Now, any guys reading this, don't try this at home. I'm still trying to figure out if I'm a genius, or if this was how it was all going to turn out from the beginning. Mind you, we don't have kids. So what did I do? I took my sweet ass time is what I did. I had until 5pm to respond on the 20th day. When did I turn in my response? 4:59pm on the 20th day, and our hearing was at 9am the next morning. Instead of turning it in to her lawyer, I turned it in directly to the court. The response was concise, but scathing. I didn't curse, nor was I particularly vicious, but I denied all allegations and supported my denial with her flaws, which I had documented. I didn't hire counsel, on a risky strategy where I would ask the court to give me time for counsel since she left me in such a desolate state. Having to switch the utilities to my name, furnish the apartment, and close out existing bills? Yeah, I could've afforded counsel at the last minute, but what good was that going to do me?

The day of the hearing, I show up early, and she shows up right at 9am. We do the "all rise" song and dance, and afterward her lawyer immediately summons me to a room outside of the courtroom. He tells me that she's willing to drop everything, all charges, allegations, and demands in exchange for me removing her from our lease. Now a little about my wife: She makes $20/hr at 31 years old, with a mountain of debt and bad credit, and her parents paid for her lawyer's fees. This isn't an attack on her, by any means, I'm just trying to illustrate the fact that if there's anyone in this world that would need money from a divorce, it'd be her. She's not a daddy's girl by any means, so all debts incurred from her parents must be paid back, since they're not made of money either. My response to the divorce was nice and tight, but I honestly can't tell if my strategy of waiting until the last minute actually paid off and caught everyone off guard, if her lawyer is that much of a pansy, or if this was how the cookie was going to crumble anyway.

I mean, think about it, my wife literally had her parents pay $5000 to retain a lawyer so that he could ask for my signature. I would've given it to her. I know he racked up as much cost as possible, because the packet that I was served with was so thick, I couldn't rip it in half out of anger. After the hearing, he emailed me at least a dozen times, called me just as many times, and even had documents mailed to my address.

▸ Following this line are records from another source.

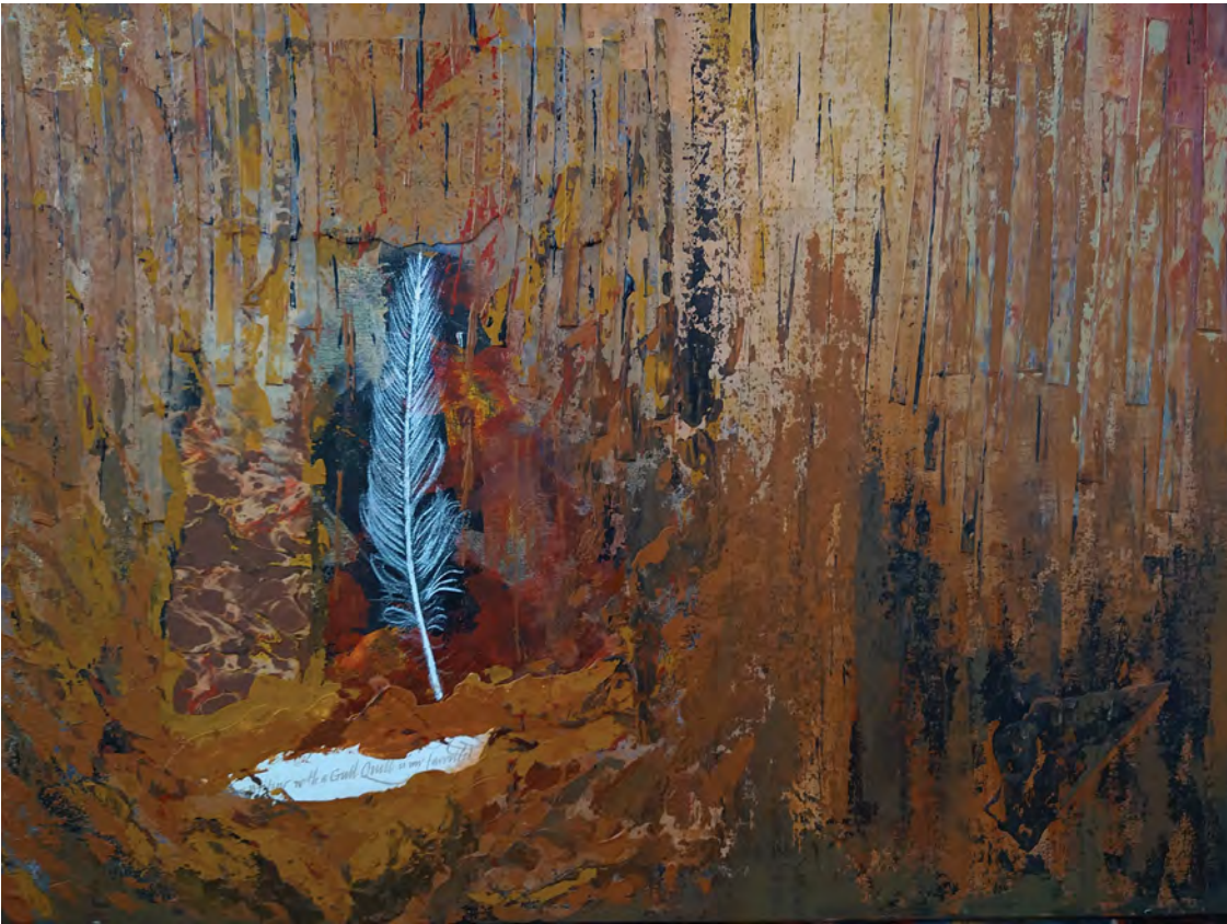
“Listening In,” mixed media, by Kate Miller

Art and Grief both stop time. The Arts in all their various forms can be a vehicle of transformation. One can access the full spectrum of emotion. Therefore, utilizing Art in our process of grief is perfect partnering.
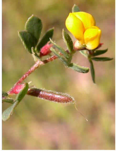
California Lotus Lotus wrangelianus Native Annual Pea Family
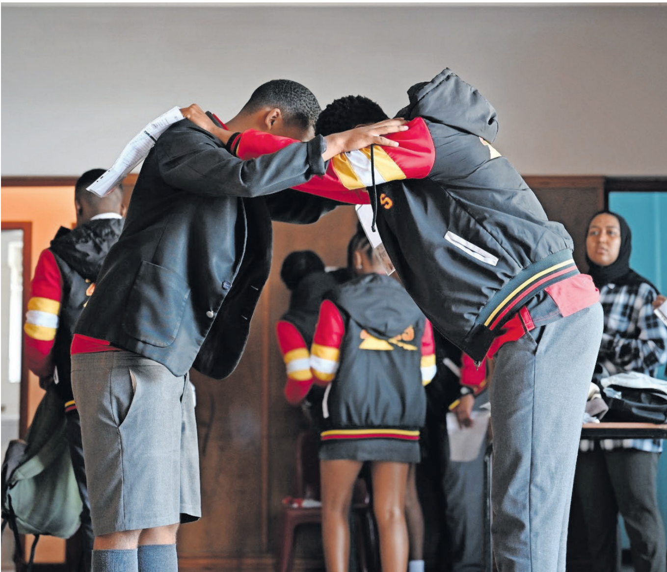
SEA Point High School matric pupils were among more than 900 000 National Senior Certificate (NSC) candidates nationwide writing their exam this year, marking the highest number of learners to sit for the NSC since its inception in 1996. Minister of Basic Education Siviwe Gwarube has expressed confidence in the department's readiness, assuring that measures were in place to ensure a fair and accessible examination process.
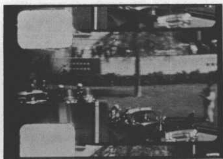
PHOTOGRAPH FROM ZAPRUDER FILM
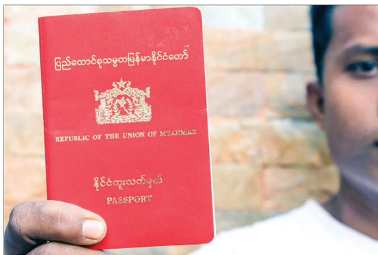
Photo shows a Myanmar passport.

THOSE who want a passport urgently can apply through the green channel by submitting the required documents, according to the Myanmar Passport Office.
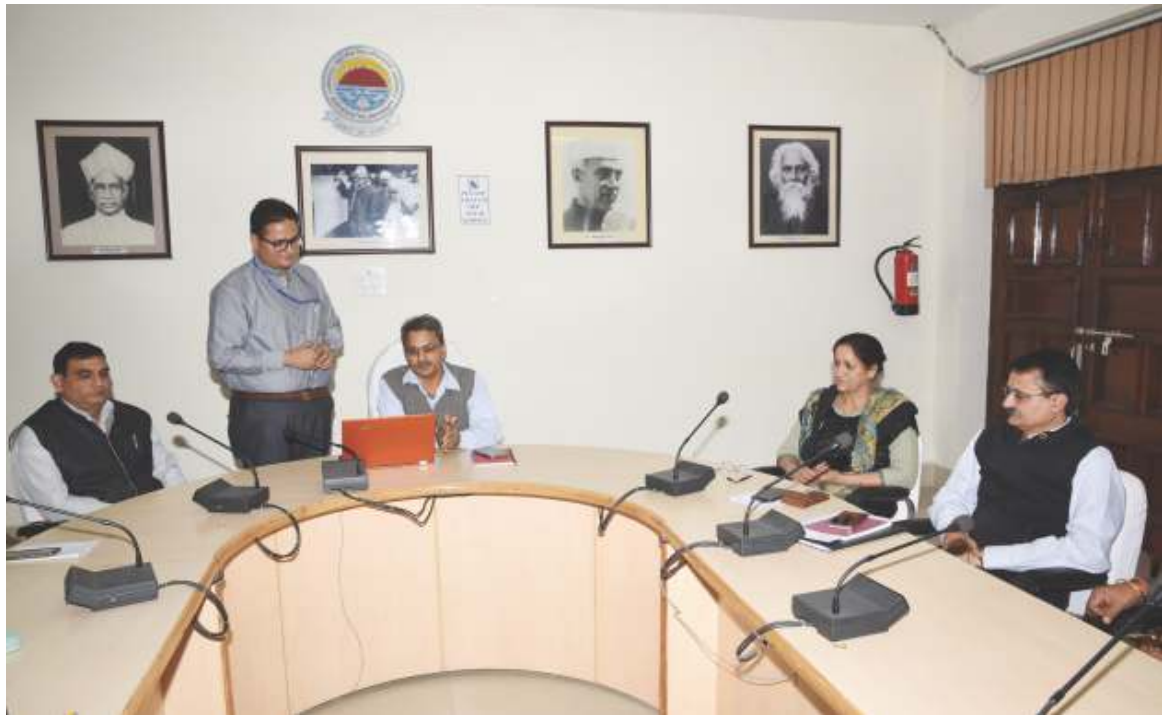
Launching of Bulk SMS Service of Directorate

Things eventually got suspiciously pressing, like me giving up my signature. The deal was that we were going to do that on rent day, but instead, I was being harassed for it way sooner than that, so I'm thinking that the retainer was running out, and her parents weren't willing to spend more money. 

That being said, what do you guys make of all of this? She could've robbed me blind. There was a high chance that the court wouldn't have granted me the time to seek counsel. I have money that's for the taking, and by all indication of the divorce decree, she was going after it. The $50k might've been a stretch, but she probably could've gotten attorney's fees and spousal support for 6 months. Even had I given her 25% of my make in a month, it's way more than her salary. I loved her, but I was no slouch. I prepared myself for whatever was to come with banking statements, text message/email/voicemail, videos, police reports, testimony from friends and neighbors... but still, without a lawyer, I could've only gone so far. I wasn't perfect by any means, but the abrupt end to the marriage, the hate in the divorce decree, the money involved on her end, how final it all seems (we never spoke again), and all so that she could fold at the last minute? I'm very, very confused. She's not a merciful person, especially not to give me a divorce that cost me a combined $32 ($2 in police report, $30 in parking downtown).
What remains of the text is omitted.